Classrooms that once were filled with every age group when I was a kid are now empty. We had enough classes to spill over into an historic brick house next to our church. As Sunday school attendance dwindled, we were fortunate when the Lisbon Montessori School was established. The brick house was remodeled for the school, and they have rented from us ever since. Our liaison seems to have been mutually beneficial over the years, but, of the preschool kids who abound on weekdays, few carried over to our number on Sunday mornings.
My daughters were among those few. Getting them to attend church with their dad and me has been harder as they get older. That seems to be what ails most churches today.
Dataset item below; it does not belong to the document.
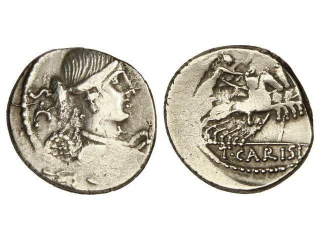 Denario. 46 a.C. CARISIA. T. Carisius. Anv.: Busto alado de la Victoria a derecha, detrás S.C. 4 grs. (Algo descentrada). Cal-378a; FFC-539. (MBC).

Sunday lifestyles are not what they once were in America — perhaps throughout the world. Our small congregation (averaging about 50 on a good Sunday) numbers a few who make an attempt to “dance with a dinosaur” as William Easum’s book describes the church experience of today’s world.
Easum offers a parable to explain his view of the problem with today’s churches. He compares the church to an old wineskin into which fresh wine cannot be placed. He declares that “many … congregations are becoming irrelevant to a hurting, unchurched world and are unable to offer new wine to the new generation.”
I’m not one who believes that simply being in a particular church building is going to make all the difference in my life. I can find inspiration in my surroundings, but any real passion in my soul has to spring from inside me? — not outside. Concerning church attendance, my feelings are mixed. I’m nurtured by families and familiarity; I’m compromised by time ill spent on church politics.
It’s difficult to balance spiritual activity with administering a church staff and building. We waste precious hours quibbling over petty differences that should not even be problems. I wonder how any newcomer to our situation could want to be involved with us. We are the old, stale wine.
Then, two young moms joined us for worship, bringing their kids, activating a children’s class and breathing young life into our midst. They decided to organize a Bible school for summer and here I sit. Not a central figure in the planning like I was when my girls went to Bible school, I sat working on other projects and just listened.
Hearing activity in many corners of our church is a wonderful sound. Being open to change, youth, and, hopefully growth, is essential. All I had to do was paint empty water bottles yellow, turn them into ears of corn and fill them with dried beans for the kids to shake while they sing their songs. Now, that is what is called making a joyful noise!